A recent study found that mRNA vaccines give protection against Omicron BA.2, however the protection against coronavirus infection and clinical sickness fades after the third dosage. This comes as the Omicron subvariant is fuelling a major COVID rise in regions of Asia and Europe, and scientists are attempting to figure out how severe the infections caused by it may be.

Subvariant BA.2 vs. Omicron BA.1
BA.2 is previously known to spread quicker than BA.1, however it was unclear if the subvariant is better at avoiding immunizations. “The worry was that BA.2 would be even worse than BA.1,” says Laith Abu-Raddad, an infectious-diseases epidemiologist at Weill Cornell Medicine–Qatar in Doha and a co-author of the research, as cited by the scientific journal Nature. The paper has not yet been peer reviewed and is available on the preprint portal medRxiv.

How much protection do BA.2 vaccinations provide?
The researchers discovered that participants who got two doses of either the Pfizer–BioNTech or Moderna mRNA-based vaccines experienced several months of significant protection against symptomatic sickness induced by either BA.1 or BA.2. However, protection diminished to roughly 10% after just 4–6 months, implying that the immunizations avoided only 10% of the instances that would have occurred if all of the participants had been unvaccinated, according to the Nature report.
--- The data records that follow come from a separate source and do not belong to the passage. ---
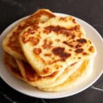The image shows a stack of four square-shaped flatbreads with a golden-brown toasted surface, arranged slightly unevenly on a white plate. Each flatbread has patches of darker brown spots from cooking, giving a crispy texture contrast to the softer, lighter yellow parts. The flatbreads are thick and fluffy, with soft edges that are slightly rounded. The plate is placed on a white marbled textured surface, creating a clean and simple background that highlights the warm colors and texture of the bread. photo taken with an iphone --ar 4:5 --v 7
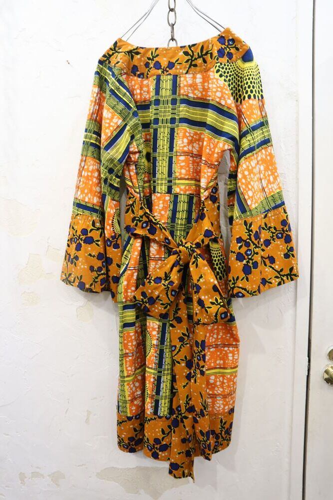 orange×yellow×blue african batik wide sleeve dress [l-1108]
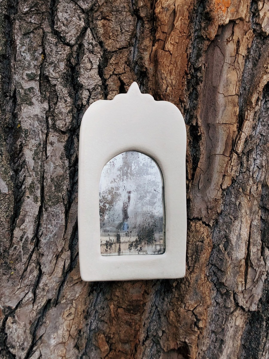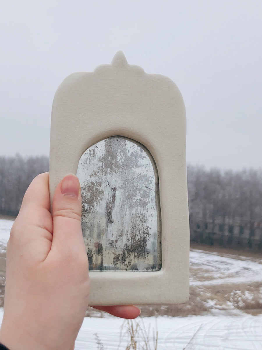 «Для динамики выставочной работы я впервые сделала „Очелья“ в разных размерах. Еще я использовала полуфарфор, чтобы нанести свою любимую глазурь — снежное кракле. Она как сад расходящихся тропок, завораживает меня. Зеркала же нужны были сложнее, многослойнее, состареннее. Важно передать ритм, сокровенность. Проходя мимо работы, вы видите только часть отражения, будто что-то еще утаилось от взора», — поделилась Елизавета в интервью известному декоратору и стилисту интерьеров Даше Соболевой.
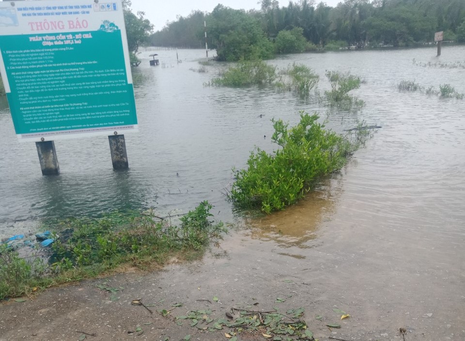 Ông Phạm Công Trạch, Giám đốc HTX Tam Giang (Quảng Thái, Quảng Điền) cho biết, hiện nay, tuyến đê tây sông Ô Lâu với cao trình thấp nước đã lấp xấp vượt qua mặt đê. Ngày 18/12, mưa cùng sóng lớn gây triều cường, đánh mạnh vào mái đê gây nước tràn và nguy cơ sạt lở trên tuyến- nhất là những đoạn đê được đắp bằng đất hoặc điểm tiếp nối giữa đê bằng đất và bê tông.
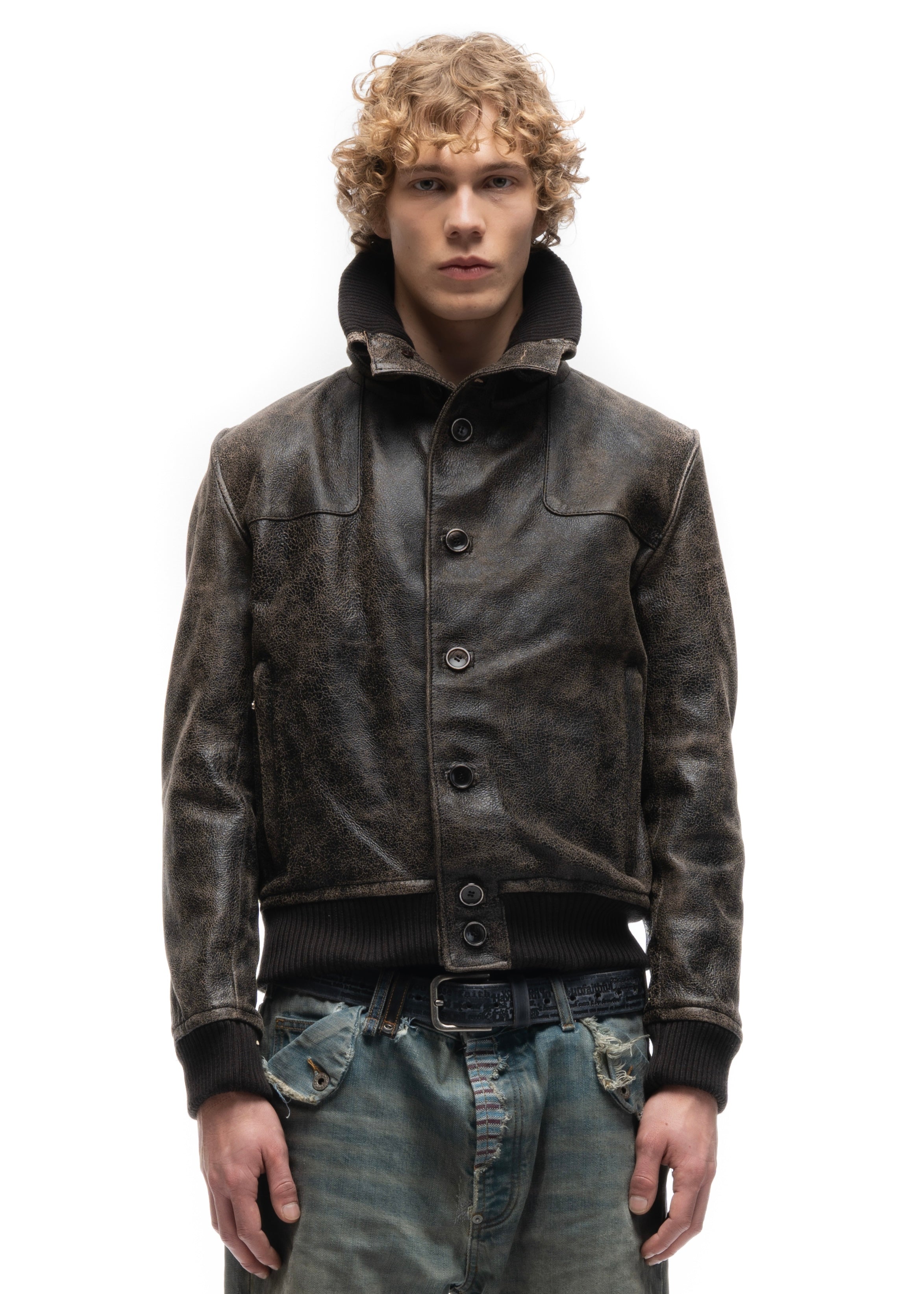 COLLAR UP BUTTON LEATHER JACKET CRACKED USED
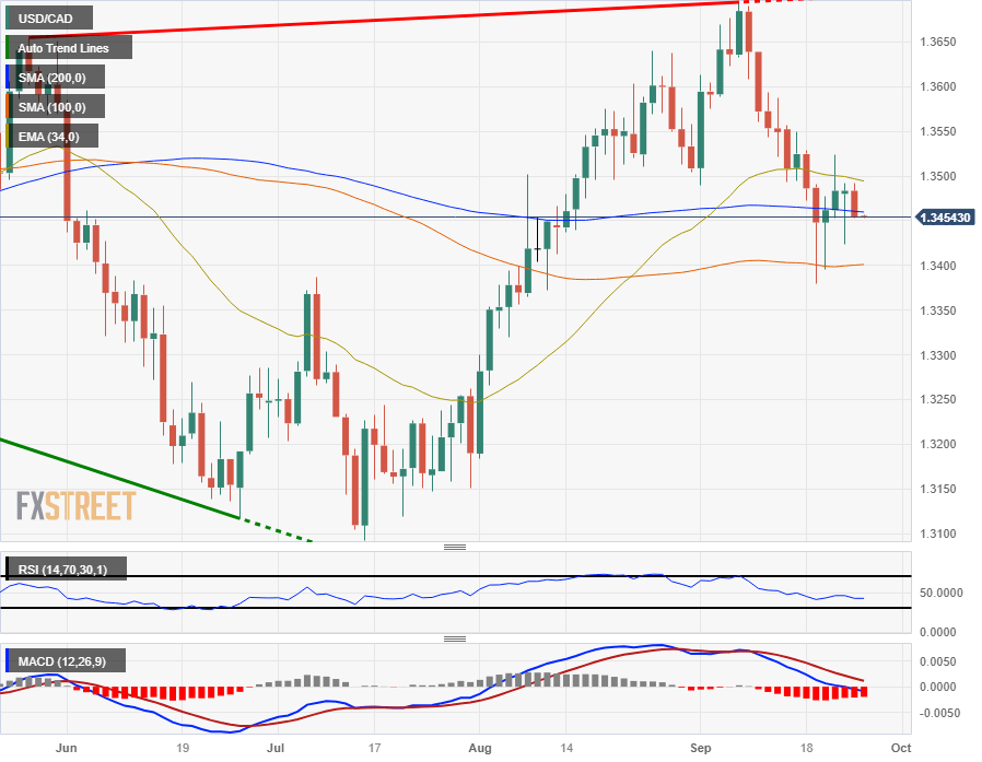 The USD/CAD slipped a scant 0.2% for Monday, after tapping into a mild intraday high of 1.3491.
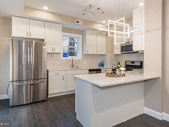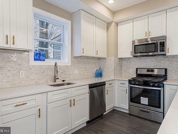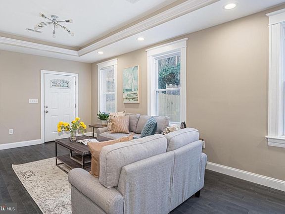BEAUTIFULLY DESIGNED RENOVATION WITH 3 FINISHED LEVELS AND OFF STREET PARKING! Open floor plan featuring hardwood floors throughout the main level, a spacious living room and dining area w/ tray ceiling, designer kitchen with ss appliances, granite counters, and tile backsplash, main level half bath, upper level Primary bedroom suite with full bath and 2 additional bedrooms with a hall bath, fully finished basement w/ a family room, 4th bedroom, and 3rd full bath, and driveway parking. Pack your bags and move right in!

It went on to say that protection against BA.2 did not appear to fade any quicker than protection against BA.1, and that a booster injection restored protection against symptomatic infection by either subvariant to 30–60%. Surveillance data from the United Kingdom show a similar pattern: vaccination efficacy against symptomatic COVID-19 is less than 20% for both subvariants 25 weeks or more after a second dose, but improves to around 70% 2–4 weeks after a third dose.

According to Abu-Raddad, the findings give him optimism since vaccinations prevent many of the severe COVID-19 cases, even when administered in response to BA.2. “Given the challenges of evolution, the vaccinations are actually performing surprisingly effectively,” he added.